● INFORMATION SHOWN
┄┄┄┄┄┄┄┄┄┄┄┄┄┄┄┄┄┄┄┄

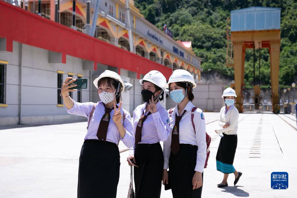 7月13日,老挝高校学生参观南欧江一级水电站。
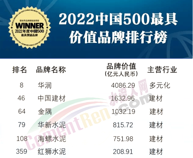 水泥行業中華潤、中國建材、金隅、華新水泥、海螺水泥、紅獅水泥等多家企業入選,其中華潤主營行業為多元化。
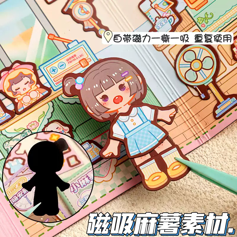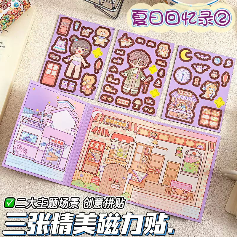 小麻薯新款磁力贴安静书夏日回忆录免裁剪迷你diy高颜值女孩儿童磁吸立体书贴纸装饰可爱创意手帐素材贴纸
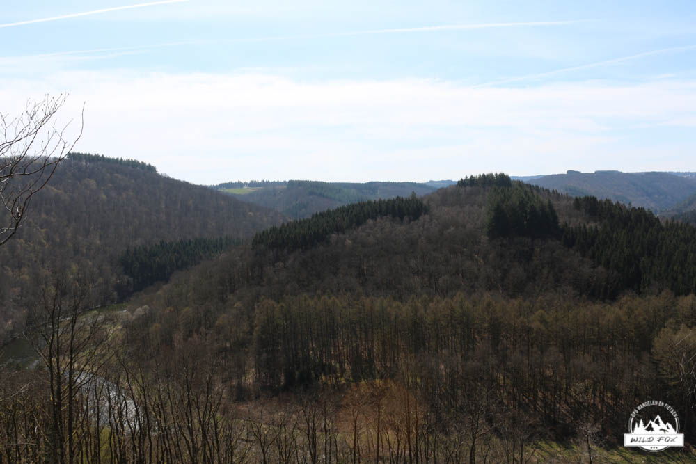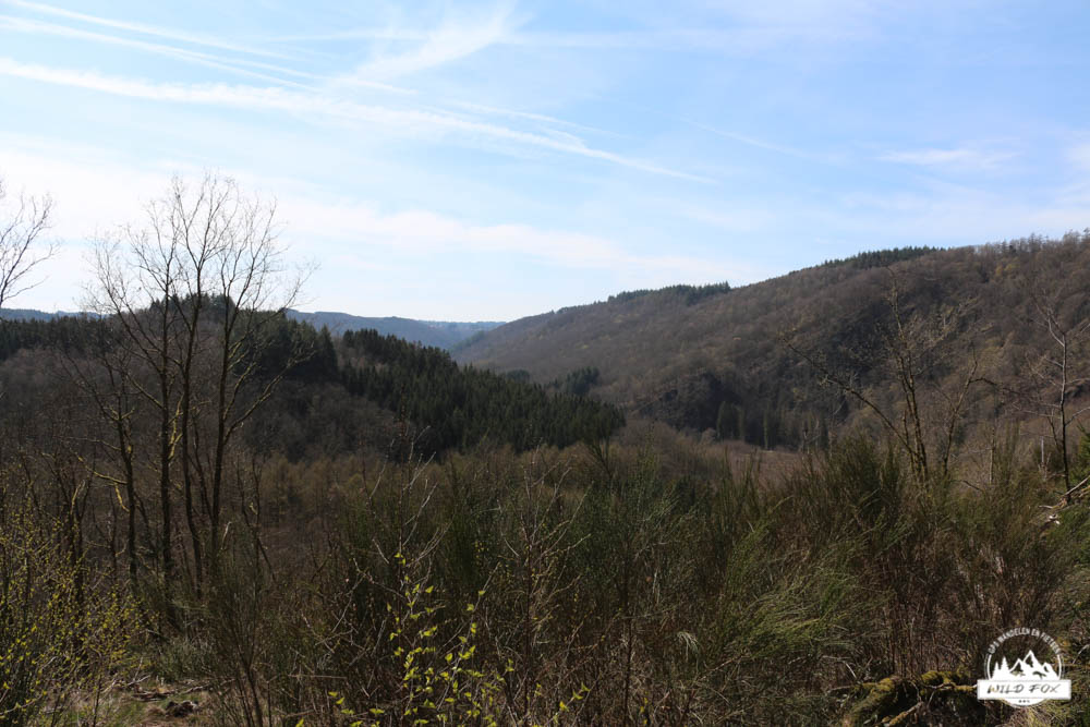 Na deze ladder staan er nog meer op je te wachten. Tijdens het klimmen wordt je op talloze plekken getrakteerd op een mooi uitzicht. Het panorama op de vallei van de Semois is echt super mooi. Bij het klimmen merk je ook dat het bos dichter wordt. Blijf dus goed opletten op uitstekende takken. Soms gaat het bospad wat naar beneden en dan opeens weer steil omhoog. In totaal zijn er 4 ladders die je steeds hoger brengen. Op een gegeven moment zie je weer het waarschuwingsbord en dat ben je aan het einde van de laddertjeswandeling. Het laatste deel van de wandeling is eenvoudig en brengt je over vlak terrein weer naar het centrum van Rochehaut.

┄┄┄┄┄┄┄┄┄┄┄┄┄┄┄┄┄┄┄┄

● PROBLEM TO WORK ON
Counting both ends, reproduce word for word the lines from the line with "水泥行業中華潤、中國建材、金" to the final line of the listing above, skipping every picture.

● OUTPUT BELOW
 水泥行業中華潤、中國建材、金隅、華新水泥、海螺水泥、紅獅水泥等多家企業入選,其中華潤主營行業為多元化。
 小麻薯新款磁力贴安静书夏日回忆录免裁剪迷你diy高颜值女孩儿童磁吸立体书贴纸装饰可爱创意手帐素材贴纸
 Na deze ladder staan er nog meer op je te wachten. Tijdens het klimmen wordt je op talloze plekken getrakteerd op een mooi uitzicht. Het panorama op de vallei van de Semois is echt super mooi. Bij het klimmen merk je ook dat het bos dichter wordt. Blijf dus goed opletten op uitstekende takken. Soms gaat het bospad wat naar beneden en dan opeens weer steil omhoog. In totaal zijn er 4 ladders die je steeds hoger brengen. Op een gegeven moment zie je weer het waarschuwingsbord en dat ben je aan het einde van de laddertjeswandeling. Het laatste deel van de wandeling is eenvoudig en brengt je over vlak terrein weer naar het centrum van Rochehaut.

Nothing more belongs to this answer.